Task directions: Copy the data that appears below exactly. Drop the pictures.

Dataset section:
Segment Open
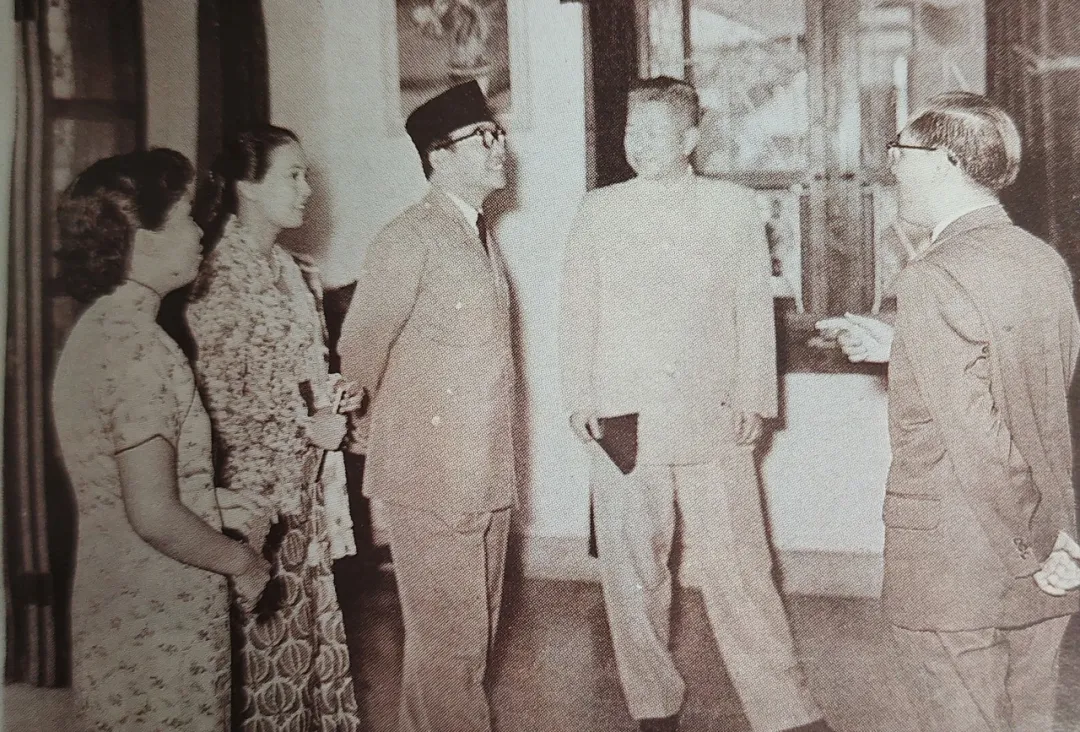 1957年蘇加諾總統和哈蒂妮夫人到黃鎮大使官邸做客,左起第一人為朱霖。(《大使夫人回憶錄》圖)
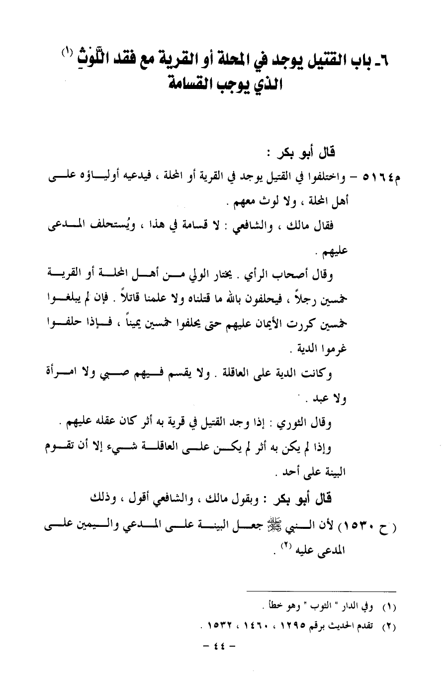 6 - باب القتيل يوجد في المحلة أو القرية مع فقد الَّلوْثِ (¬1) الذي يوجب القسامة
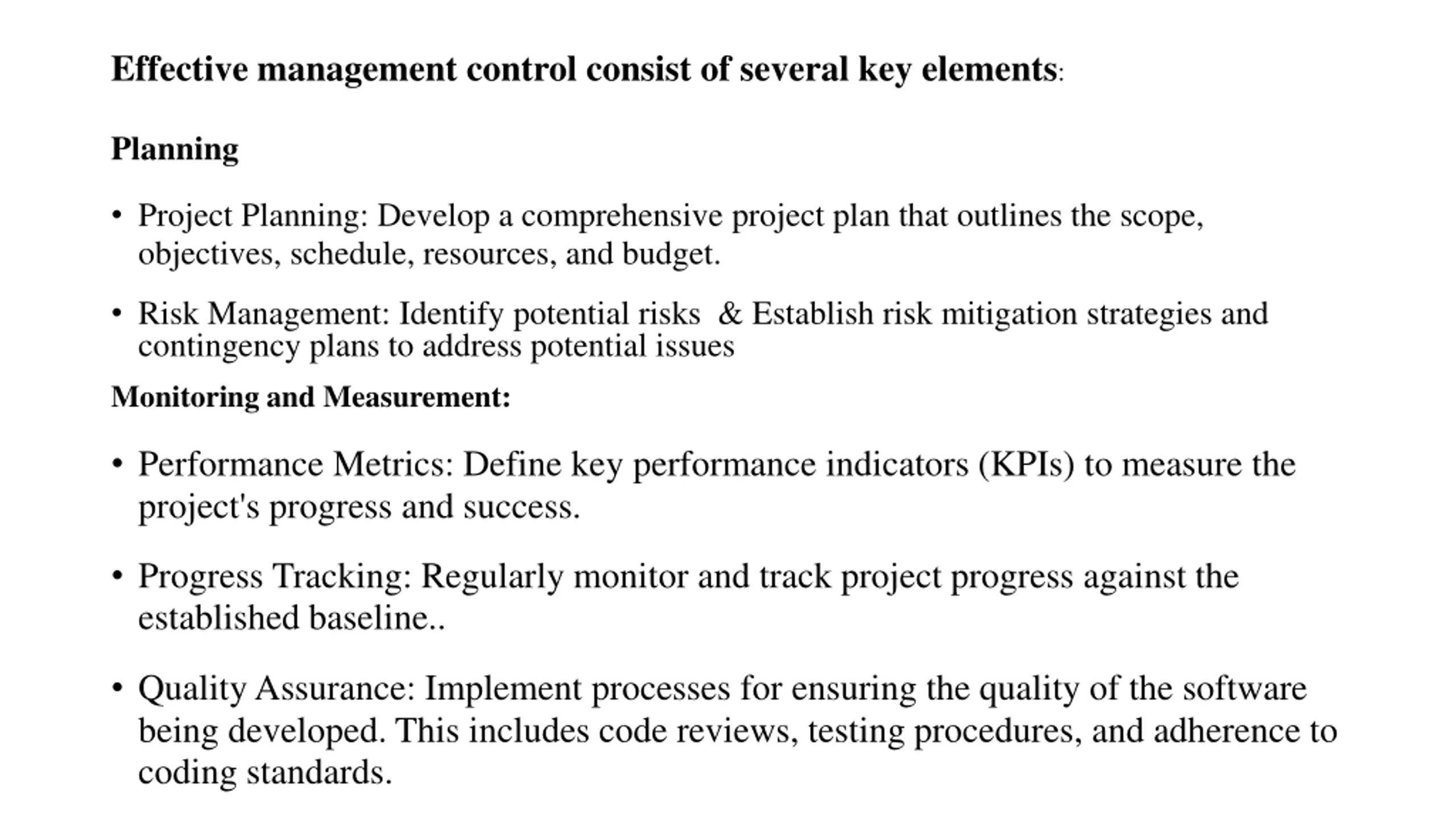 Effective management control consist of several key elements: Planning Project Planning: Develop a comprehensive project plan that outlines the scope, objectives, schedule, resources, and budget. Risk Management: Identify potential risks & Establish risk mitigation strategies and contingency plans to address potential issues Monitoring and Measurement: Performance Metrics: Define key performance indicators (KPIs) to measure the project's progress and success. Progress Tracking: Regularly monitor and track project progress against the established baseline.. Quality Assurance: Implement processes for ensuring the quality of the software being developed. This includes code reviews, testing procedures, and adherence to coding standards.
Segment Closed
Solution for this exercise:
 1957年蘇加諾總統和哈蒂妮夫人到黃鎮大使官邸做客,左起第一人為朱霖。(《大使夫人回憶錄》圖)
 6 - باب القتيل يوجد في المحلة أو القرية مع فقد الَّلوْثِ (¬1) الذي يوجب القسامة
 Effective management control consist of several key elements: Planning Project Planning: Develop a comprehensive project plan that outlines the scope, objectives, schedule, resources, and budget. Risk Management: Identify potential risks & Establish risk mitigation strategies and contingency plans to address potential issues Monitoring and Measurement: Performance Metrics: Define key performance indicators (KPIs) to measure the project's progress and success. Progress Tracking: Regularly monitor and track project progress against the established baseline.. Quality Assurance: Implement processes for ensuring the quality of the software being developed. This includes code reviews, testing procedures, and adherence to coding standards.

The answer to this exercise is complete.